3. Reading arxiv abs 2305.05678 we still find the counterclaim that with an appropriate setup in 4 dimensions "one finds a non-trivial interacting theory".

So I'm wondering... is it settled now?

Answer 1

It sort of depends on what exactly you mean by "settled". Up to physics standards, the question is definitely settled: it has been understood, for many decades now, that $\phi^4$ in $d=4$ is trivial. The only open question is to prove this in a way that mathematicians will find convincing. This is very similar to the Yang-Mills mass gap problem: physicists have known that YM is gapped for many decades now, it only remains to prove it in a mathematically rigorous way. But the answer is definitely "known".

We actually know the answer in any dimension. In $4d$, the only non-trivial theory is non-abelian Yang-Mills with a handful of bosons and fermions. If you add too many matter fields, or make the gauge field abelian, you make the theory trivial. In lower dimensions, any gauge theory is non-trivial, but e.g. $3d$ $\phi^6$ is again trivial. In $2d$, any $V(\phi)$ is non-trivial.

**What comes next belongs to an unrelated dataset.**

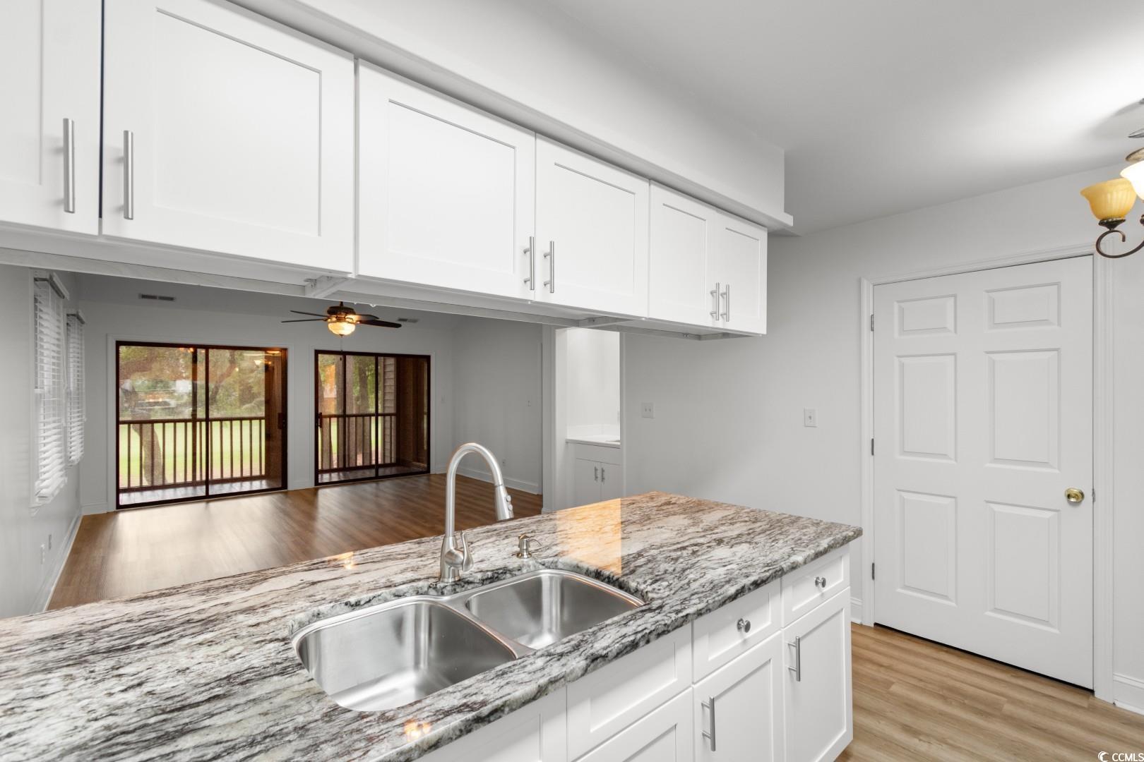 Nestled within the prestigious Weehawka Woods of Pawleys Plantation, this beautifully renovated 2-bedroom, 2-bath condo is your gateway to the coveted Pawleys Island lifestyle. As you step inside, you'll be greeted by an open and airy living space, highlighted by vaulted ceilings and an abundance of natural light. This home has been completely transformed with a totally renovated interior. Every detail has been thoughtfully updated, including new LVP flooring throughout, new soft-close kitchen cabinets, and a fresh coat of paint. The kitchen is a true centerpiece, featuring sleek granite countertops and stainless steel appliances, perfect for a quiet night in or entertaining guests. One of the unique features of this condo is its versatile lock-out unit setup, providing endless possibilities. Use it to host guests, generate rental income, or offer private living space for family members. After a day of golf or exploring the island, you can unwind on the peaceful screened-in back porch with a good book, a gentle ocean breeze with a view of the golf course. The Pawleys Plantation community offers a wealth of amenities just steps from your front door. You can spend your days lounging by the community pool, staying active in the clubhouse gym, or exploring the scenic walking trails. For the avid golfer, an optional Golf Buy-In is available, providing access to one of the area's premier courses. Living here means you're just minutes away from all the best of Pawleys Island, boutique shops, top-rated restaurants, and the tranquil shoreline of the Atlantic Ocean. This isn't just a home; it's a lifestyle upgrade. This property offers the perfect blend of charm, comfort, and convenience, making it an ideal choice for a full-time residence, a second home, or a profitable rental opportunity!

This is the correct, known answer. It is not "settled" only in the sense that we don't know how to prove this rigorously, but only because we don't have a rigorous definition of QFT. As soon as we manage to define QFT in a rigorous way, one should be able to prove these claims rigorously; absolutely nobody expects a surprise here: if your rigorous definition of QFT does not imply triviality of $\phi^4$, or a YM gap, then your definition is wrong.

It is important to stress that "triviality" in this context does not mean that the theory is boring or useless. For example, $4d$ QED is trivial, but it is obviously a tremendously useful theory, it makes the most accurate physical prediction ever. In this context, "triviality" simply means "infrared triviality", i.e., the coupling constant becomes smaller and smaller the lower the energy of your experiment is. QED and $\phi^4$, and many other theories, are infrared trivial, but they are still non-trivial, interacting, useful low-energy effective theories.

Answer 2

It is settled now, $\phi^4$-theory is indeed quantum trivial in 4 spacetime dimensions. In 4 spacetime dimensions, a series of papers by Luscher and Weisz demonstrated early numerical evidence (by performing RG in a lattice discretisation) that the $\phi^4$ theory should be trivial. But an actual formal proof was not known until Aizenman, Duminil-Copin. As you point out the proof for quantum triviality in $\geq 5$ spacetime dimensions is easier and was carried out earlier.

The third paper you link is explicitly carries out calculations in the large-N limit of the $O(N)$ model (where you have an $N$-dimensional multiplet of scalar fields). The other papers you list are all talking about what people usually refer to as $\phi^4$, which is the case when $N = 1$.

Answer 3

Currently, the question in $D=4$ is settled by this paper of Michael Aizenman and Hugo Duminil-Copin.